Until 2016, the Sewel Convention operated with remarkably little controversy – of the 350 times legislative consent had been sought, it had been denied partly or in full on only nine occasions (seven of which cases were in Wales). This is because disagreements are usually resolved well before it gets to a vote, with UK officials typically engaging with the devolved administrations before legislation is even drafted to iron out potential difficulties at an early stage. If necessary, the threat of withholding consent has allowed the devolved administrations to extract additional concessions.

But this approach requires trust, compromise and good and open communication, all of which have been in increasingly short supply since the 2016 EU referendum. The devolved administrations have accused the UK government of taking major Brexit decisions on a unilateral basis and failing to take into account the majority remain vote in Scotland and Northern Ireland.

Relations between Westminster and Holyrood reached a new low when the UK government proceeded with the EU Withdrawal Act 2018, despite the Scottish Parliament refusing consent. Since then, the Scottish government has been on “Sewel strike”, refusing to consent to any Brexit-related bills other than in exceptional circumstances – claiming the UK government’s decision had “effectively suspended” the convention.

The devolved administrations are now testing the limits of the Sewel Convention by using the consent process to register disagreement with the UK government’s overall Brexit strategy, rather than just its implications for devolution. The UK government has responded by arguing that international negotiations and agreements are matters reserved exclusively for the UK parliament.

Either way, passing major constitutional legislation despite the expressed objections of three of four constituent parts of the UK will only put further strain on the union.

Increasingly fraught relationships at the political level have had implications for intergovernmental working at official level.
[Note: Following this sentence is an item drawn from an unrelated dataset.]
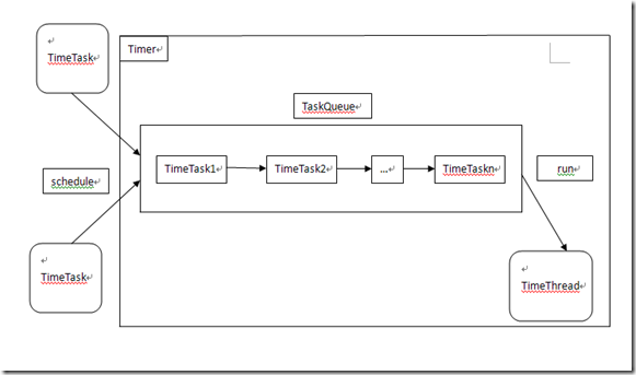 Timer:一个 Task 任务的调度类,和 TimerTask 任务一样,是供用户使用的 API 类,通过 schedule 方法安排 Task 的执行计划。该类通过 TaskQueue 任务队列和 TimerThread 类完成 Task 的调度。

Sources inside government reported that UK ministers have been increasingly cautious about allowing their departments to share information about Brexit with their devolved counterparts for fear it could be used for political purposes by ministers in Scotland and Wales. This approach has drawn strong criticism from the Scottish and Welsh governments, with both arguing that it had hampered their own ability to prepare effectively for the possibility of a no-deal Brexit in the run up to the October Article 50 deadline.

The UK government may well be tempted to continue its approach of keeping the devolved administrations at arm’s length throughout the second phase of the Brexit talks. But any trade deal will have wide-ranging implications for devolved areas like health and food standards, which the devolved administrations will also be responsible for implementing. The UK parliament will also have to pass legislation on post-Brexit frameworks in areas like agriculture and fisheries, as well as on any future trade deal; all this will require the consent of the devolved legislatures. A failure to involve the devolved administrations and respond to their concerns will inevitably make it harder for the UK and devolved governments to cooperate effectively on implementation.
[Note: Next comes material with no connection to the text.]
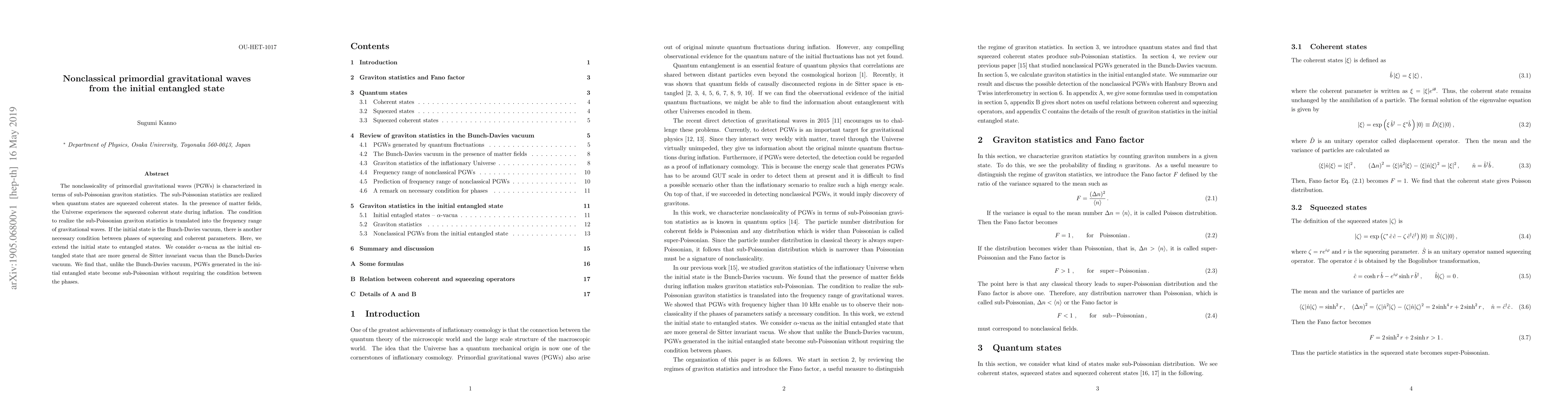 The nonclassicality of primordial gravitational waves (PGWs) is characterized in terms of sub-Poissonian graviton statistics. The sub-Poissonian statistics are realized when quantum states are squeezed coherent states. In the presence of matter fields, the Universe experiences the squeezed coherent state during inflation. The condition to realize the sub-Poissonian graviton statistics is translated into the frequency range of gravitational waves. If the initial state is the Bunch-Davies vacuum, there is another necessary condition between phases of squeezing and coherent parameters. Here, we extend the initial state to entangled states. We consider $\alpha$-vacua as the initial entangled state that are more general de Sitter invariant vacua than the Bunch-Davies vacuum. We find that, unlike the Bunch-Davies vacuum, PGWs generated in the initial entangled state become sub-Poissonian without requiring the condition between the phases.

In the longer term, serious work must be undertaken to repair the relationships between the four parts of the UK. There is an underlying anxiety in the devolved nations that the devolution settlement remains vulnerable to a majority in Westminster, and this anxiety has been heightened by the fallout over the Withdrawal Agreement Act. Brexit has clearly demonstrated that the Sewel Convention is broken. Work to fix it should begin immediately.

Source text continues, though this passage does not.